Так бы я и отделалась от нее, хоть на время. Но тут передо мной выросла толстая, будто китиха, замша директрисы Марьванна и перегородила дорогу.

— Что же ты, девочка? — спросила вкрадчиво. — Разве не слышишь, как тебя кличут?

Счастливая эта толстуха, Марьванна. Трескает и лопает щи и кашу, а никак не запомнит наши фамилии или хотя бы только имена.

Пришлось обернуться.

Знакомство

— Ты ведь Настя? — спросила она, и мне показалось, что она волнуется.

Я повнимательнее посмотрела в ее лицо. Ну да, волнуется как-то странно, хотя и улыбается. В общем, не противная. Что-то есть в ней неуверенное.

Я кивнула.

Кровать в детдоме

— Настя Светлакова?

— Чернакова, — отвернула я глаза.

— Как! — почти поперхнулась хорошо одетая девушка и поднесла к лицу бумажку. Потом опустила ее резко, спросила:

— Ты шутишь?

— Нет, — ответила я. — Когда светло, я Светлакова.

А сейчас Чернакова.

— Но сейчас же светло? — удивленно и почему-то радостно воскликнула она.

— Эх! — я вздохнула. — Вам это только кажется.

— Вот видите, — прогудела за моей спиной китиха Марьванна. — Они и фамилии-то свои меняют.

— Перемешивают, — уточнила я, неизвестно к чему.
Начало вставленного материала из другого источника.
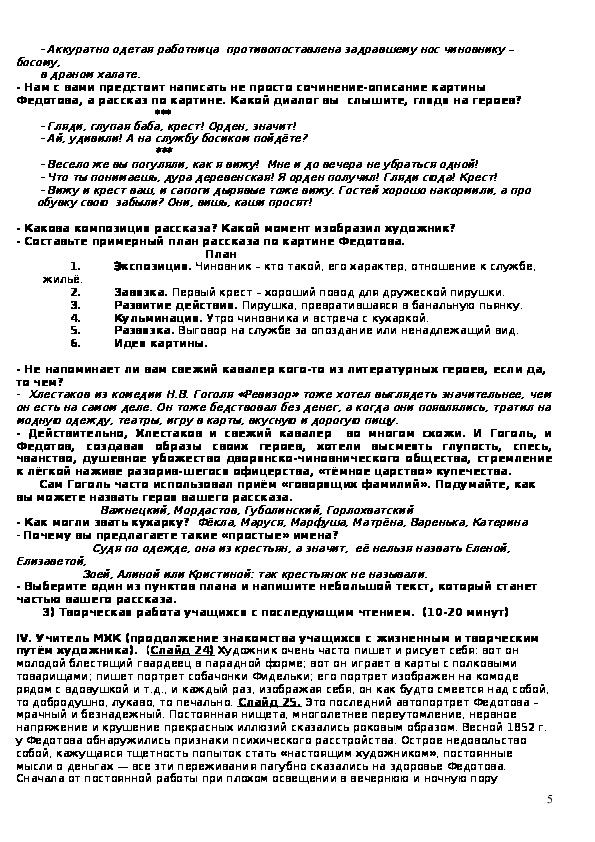 на, Н.В. Гоголя и картины Федотова.

Вообще-то, известно. Это во мне заговорил дух противоречия.

Ольга Олеговна

И тут она меня удивила. Причем, самым простым способом.

— Давай, — сказала, — знакомиться. Меня зовут Ольга Олеговна.

И я смутилась. Никогда мне не встречались такие названия. Ольга! Да еще Олеговна! Два «о» и два «л». «Ол-ол» — слышится. Как-то кругло, непривычно, а то у нас все какие-то угловатые Марьванны, Зинпетровны, Нинстепанны.

Наверное, я маленько замешкалась, и Олола прорвалась с объяснением.

— Я учусь на психолога в университете, — сказала она. — И меня послали к вам на практику. И я попросилась к тебе, понимаешь?

А вот это было совсем ни к чему.

Почему это ко мне? Других, что ли, мало?

Я так ей и сказала.

Мне даже понравилось, как она задребезжала.

Будто тонкий такой стаканчик. Личико ее слегка затряслось, наверное, от неожиданности.

Вот это мне нравится! Когда взрослые волнуются.

Разговаривают со мной, а меня понять не могут.

И не надо, не надо!

Не надо попусту лезть в чужую душу, пусть даже пальчики ваши наманикюрены и чисты, как у Ололы.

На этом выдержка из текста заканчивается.